Toto da Costa

Personal information
- Full name: Antonio Santos Maria da Costa
- Date of birth: 9 August 1973 (age 52)
- Place of birth: Luanda, Angola
- Position(s): Forward

Senior career*
- Years: Team / Apps / (Gls)
- 1992–1993: Estoril / 6 / (0)
- 1995–1997: RBC Roosendaal / 16 / (2)
- 1997–1999: SBV Eindhoven / 53 / (9)
- 2000–2002: Melbourne Knights FC / 42 / (22)
- Total:  / 117+ / (33+)

= Toto da Costa =

Angolan footballer

Antonio "Toto" Santos Maria da Costa (born 9 August 1973) is an Angolan former professional footballer who played as a forward.

==Career==
Born in Luanda, Da Costa played with RBC Roosendaal of the Dutch Eerste Divisie for the 1995–96 and 1996–97 seasons, Da Costa provided a hat-trick on his debut in December 1995.

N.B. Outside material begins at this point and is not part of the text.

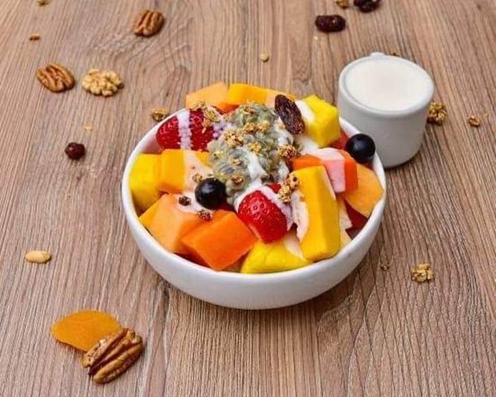 8 Variedades de frutas, yogurt natural, granola, miel y algarrobina.
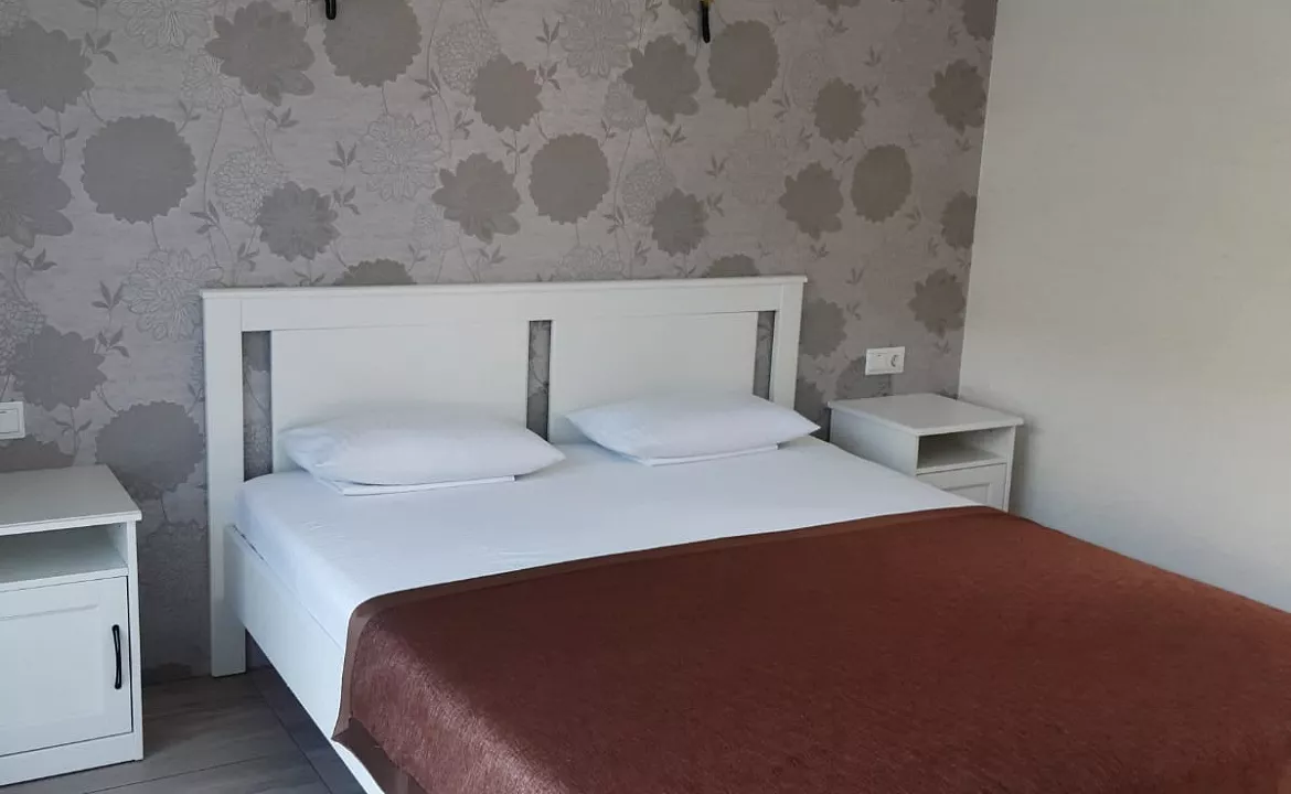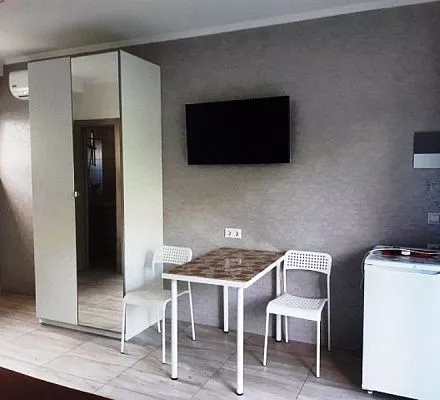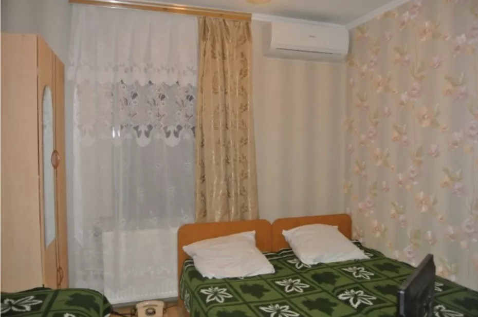 Мебель: двуспальная кровать, шкаф, зеркало. Удобства: кондиционер, холодильник, телевизор, спутниковое ТВ, эл. чайник, посуда, интернет.

He signed a two-season deal with Melbourne Knights of the National Soccer League in winter 2000. He found it hard at first to get used to the physical oriented game in Australia compared to the tactical style he was accustomed to in Europe. Considering this, the Luanda native stated that the National Soccer League was underrated in its quality but left the Knights in summer 2002 to seek opportunities in the Netherlands.

Despite being pensive over the fact that his family was not in Australia with him, he claimed that he liked life in the country.